Айвен внимательно рассматривал маленький дом.
— Думаю, они предложили ему кругленькую сумму. Он мог бы, наверное, купить себе особняк в Беверли-Хиллз на эти деньги. — Он посмотрел вниз, когда его красный конверс оказался в луже. — Я пришел к выводу, что булыжники — это мое самое любимое.
Опал улыбнулась и весело засмеялась:
— О, Айвен, тебя так легко любить, ты знаешь? — Она пошла дальше, не дожидаясь ответа. Тем лучше, потому что Айвен не был в этом уверен.
— Что мы здесь делаем? — спросил он уже в десятый раз с тех пор, как они покинули ее кабинет. Они стояли прямо через дорогу от кирпичного дома, и Айвен наблюдал за тем, как Опал его разглядывает.
— Ждем, — спокойно ответила Опал. — Который час?
Айвен посмотрел на часы.
— Элизабет будет на меня ужасно злиться, — вздохнул он. — Уже семь часов.

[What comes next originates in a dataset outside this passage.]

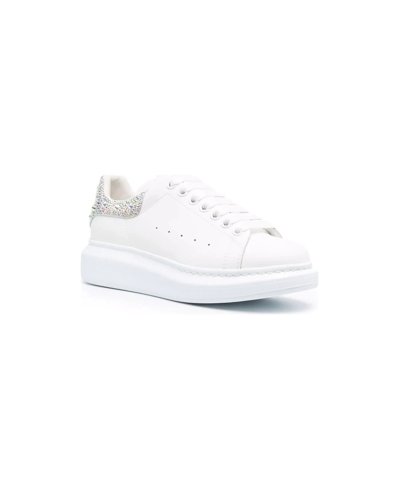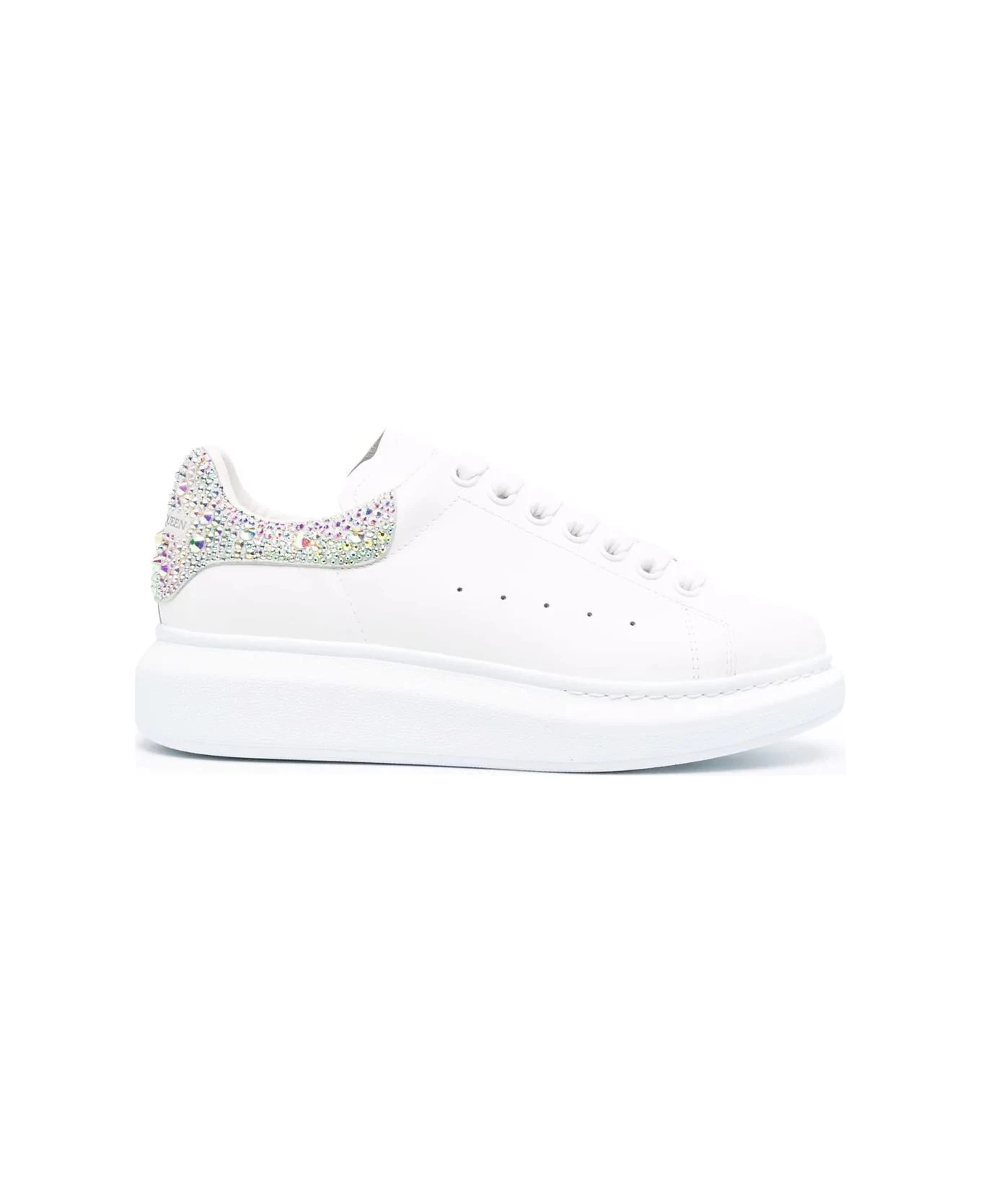 Oversize sneakers for women by Alexander McQueen made of smooth white leather with silver leather spoiler covered with bright tone-on-tone rhinestones. Model featuring a round toe, a lace-up design, flat white laces, an oversized white rubber sole and a silver Alexander McQueen logo on the spoiler and front tongue. A pair of extra laces included. To reduce the environmental impact and the consumption of cotton, the brand has decided to no longer provide the special bag for sneakers.

Не успел он договорить, как дверь дома из красного кирпича открылась, в проеме появился старик и прислонился к косяку. Он выглянул на улицу и посмотрел куда-то вдаль, так далеко, что, казалось, он видит прошлое.
— Пошли, — сказала Опал Айвену, пересекла дорогу и вошла в дом.
— Опал, — свистящим шепотом позвал Айвен. — Я не могу так просто войти в незнакомый дом.
Но Опал уже исчезла внутри.
Айвен тоже быстро перебежал дорогу и остановился перед дверью.
— Э-э, здравствуйте, меня зовут Айвен. — Он протянул руку.
Старик продолжали держаться за косяк, его слезящиеся глаза смотрели прямо перед собой.
— Понятно, — неловко пробормотал Айвен, опуская руку. — Тогда я просто пройду мимо вас к Опал. — Старик даже не моргнул, и Айвен вошел в дом. В доме пахло старостью. Так пахнет в домах, обставленных очень старой мебелью, где живут старые люди с радио и высокими напольными часами. Тиканье часов было самым громким звуком в этом безмолвном здании. Время звучало и пахло, являясь сущностью дома, под это тиканье была прожита долгая жизнь.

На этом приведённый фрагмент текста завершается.